Und der Abbau der marginalen Beschäftigung macht sich natürlich auch in den Branchen unterschiedlich bemerkbar. “Nach Branchen zeigt die aktuelle Entwicklung einen deutlichen Anstieg der Erwerbstätigenzahl im Produzierenden Gewerbe und ein eher verhaltenes Wachstum im Dienstleistungsbereich”, stellen die Landesstatistiker fest. Dienstleistungsbereich – das umfasst auch wieder die Zeitarbeit. Auch Zeitarbeiter haben ganz gute Chancen, in Festanstellung zu kommen, wenn der Fachkräftebedarf so hoch bleibt, wie er derzeit in Sachsen ist.
Die Rückschau ist dafür ein bisschen deprimierender: “Eine langfristige Analyse für Sachsen zeigt den Verlust von reichlich zehn Prozent der Erwerbstätigen gegenüber dem Jahr 1991 und macht den Strukturwandel innerhalb der sächsischen Wirtschaft deutlich. Der Anteil der Dienstleistungsbereiche an allen Erwerbstätigen erhöhte sich von rund 55 Prozent im Jahr 1991 auf bis zu 71 Prozent am aktuellen Rand. Gleichzeitig verringerte sich der Anteil des Produzierenden Gewerbes an der Gesamtwirtschaft von rund 42 Prozent 1991 auf aktuell 27 Prozent.”
Da wird sichtbar, wie sehr Sachsen noch 1990 und 1991 von Industrie geprägt war. Bekanntlich wurde das Meiste in den Folgejahren abgewrackt und die Zahl der Beschäftigten in der Industrie hat sich halbiert. Was da seit 2010 wächst, sind ja in der Regel die Neugründungen oder Neuansiedlungen aus der Zeit nach der “Wende”, oft genug auch die, die erst nach 2000 in Sachsen Fuß fassten – man denke an die Leipziger Ansiedlungen von Porsche und BMW, die erst seit 2005, 2006 dafür sorgen, dass das Automotiv-Cluster bei Leipzig wächst.

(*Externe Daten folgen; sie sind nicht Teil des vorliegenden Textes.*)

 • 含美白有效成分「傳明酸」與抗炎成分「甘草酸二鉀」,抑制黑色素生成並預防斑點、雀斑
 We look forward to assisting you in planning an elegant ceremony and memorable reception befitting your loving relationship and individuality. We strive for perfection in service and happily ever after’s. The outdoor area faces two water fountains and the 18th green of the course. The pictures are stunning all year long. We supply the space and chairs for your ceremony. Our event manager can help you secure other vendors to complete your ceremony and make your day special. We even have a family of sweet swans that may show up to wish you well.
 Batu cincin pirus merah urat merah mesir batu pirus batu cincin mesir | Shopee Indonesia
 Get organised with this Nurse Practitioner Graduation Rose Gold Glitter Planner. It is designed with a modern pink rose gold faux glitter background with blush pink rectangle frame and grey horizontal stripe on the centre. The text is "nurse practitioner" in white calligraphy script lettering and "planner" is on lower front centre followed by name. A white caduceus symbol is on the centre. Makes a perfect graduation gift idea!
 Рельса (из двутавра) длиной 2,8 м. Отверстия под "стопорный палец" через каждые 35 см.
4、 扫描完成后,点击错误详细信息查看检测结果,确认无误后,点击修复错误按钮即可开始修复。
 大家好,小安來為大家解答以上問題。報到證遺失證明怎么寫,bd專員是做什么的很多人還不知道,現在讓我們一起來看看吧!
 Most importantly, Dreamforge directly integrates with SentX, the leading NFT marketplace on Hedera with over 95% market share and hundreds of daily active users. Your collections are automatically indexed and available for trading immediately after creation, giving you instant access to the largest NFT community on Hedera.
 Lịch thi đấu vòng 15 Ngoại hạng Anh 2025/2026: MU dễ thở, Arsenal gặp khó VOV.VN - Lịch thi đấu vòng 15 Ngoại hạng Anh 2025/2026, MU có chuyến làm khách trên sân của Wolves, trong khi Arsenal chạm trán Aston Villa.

Ergebnis: “Im Vorjahresvergleich lag Sachsen etwas unter der bundesweiten Entwicklung, in Deutschland erhöhte sich die Erwerbstätigenzahl im Jahresdurchschnitt um 0,9 Prozent. Während die fünf neuen Länder ein geringfügiges Plus um 0,1 Prozent verzeichneten, erfolgte in den alten Ländern (ohne Berlin) ein Anstieg der Zahl der Erwerbstätigen um ein Prozent.”
Die Prozentzahl zum Vorjahresvergleich steht gleich am Anfang des Artikels: 0,5 Prozent. Sachsen wächst – trotz akutem Nachwuchsmangel – deutlich stärker als die anderen ostdeutschen Flächenländer. Außer Berlin. Und da sind wir wieder bei der Entwicklung, die auch im Osten die künftigen Metropolstrukturen herauskristallisieren lässt: Berlin ist als Metropole so ein Kristallisationskern und in Sachsen sind es vor allem Leipzig und Dresden. Und wenn die Landesregierungen in Dresden, Erfurt und Magdeburg ein bisschen wirtschaftliche Cleverness besäßen, würden sie alle Adern, Netze und Verbindungen in diese mitteldeutschen Kristallisationskerne stärken, um auch die eher peripheren Wirtschaftsstandorte an die Pumpe zu hängen.
Aber das alte Denken in der Größe wettinischer Kleinfürstentümer dominiert leider Regierungen und Parlamente. Was eben am Ende nur eine 0,5 oder 0,1 Prozent bedeutet, wo eigentlich auch eine 0,9 oder 1,5 stehen könnten.